After 12 weeks, there was a 39% reduction of LDL-C in the simvastatin group and a 42% reduction in the RYR/lifestyle group.[104] Research in China has shown that people who had a previous myocardial infarction who received RYR had a lower incidence of cardiac events and death.[105] A typical expected change in LDL-C level with RYR would be a drop of 15%-25%.[81] A 2016 review of 10 trials found that RYR and simvastatin had equivalent effects in all the outcomes examined, including effects on various lipid laboratory tests.[106] A 2017 review of 21 trials found comparable benefits between RYR and statin drugs in general.[107]
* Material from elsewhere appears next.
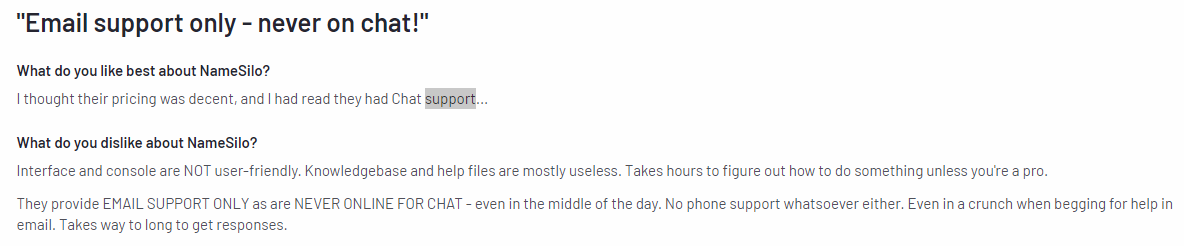 A big con of Namesilo is its incredibly poor support. Customers often complain about how their support agents don't know basic tasks or are outright rude when you make an inquiry. Also, their most active support channel is email when customers in fact want real-time communication e.g.: via live chat.

The recommended dose of RYR is 1,200 to 1,800 mg twice daily; 3.6 gm of RYR contains the equivalent monacolin K to 6 mg of lovastatin. Inappropriate fermentation practice can lead to the creation of the chemical citrinin, which is a nephrotoxin, so it is important to use products from reliable manufacturers. A recent review and meta-analysis found that RYR seems to be overall tolerable and safe.[108] Some experts strongly argue against using RYR in place of statins, in part due to unclear quality of different products available on the supplement market.[109]

A list of products that have been found to have the amount of active ingredients stated on their labels without containing any of the toxin citrinin are listed on the ConsumerLab website.

Note: Although Red Yeast Rice appears to be associated with fewer cases of myopathy,[110] it can still cause muscle pain, as well as hepatotoxicity. It shares the same side effect profile as other statin medications, and liver enzymes should be monitored the same way they would be for statins.

Niacin

Based on findings from AIM-HIGH[111][112] and HPS2-THRIVE[113] trials, and given its potential for side effects, niacin now appears not to be helpful in the management of hyperlipidemia beyond potential leading to some increase HDL-C.

Coenzyme Q10

Coenzyme q10, involved in mitochondrial function, has been used for many years to ameliorate stain-related muscle pain (myopathy), but research findings have been mixed. A 2018 study in the Journal of the AHA did conclude that it does indeed reduce statin-related muscle symptoms.[114] Dosing is 100 mg 2-3 times daily, and it is quite safe.

In Conclusion

As you work with people on managing cardiac risk, lipids are an important risk factor to be aware of, all within the larger picture of a persons Whole Health. Keeping in mind the latest recommendations from expert panels, findings from the ever-expanding body of research on the topic, and what we know about the wide-reaching benefits of various aspects of self-care, can guide effective personal health planning. A plan can be as simple as incorporating a potentially helpful food, or it may be more elaborate, depending on each individuals needs and preferences.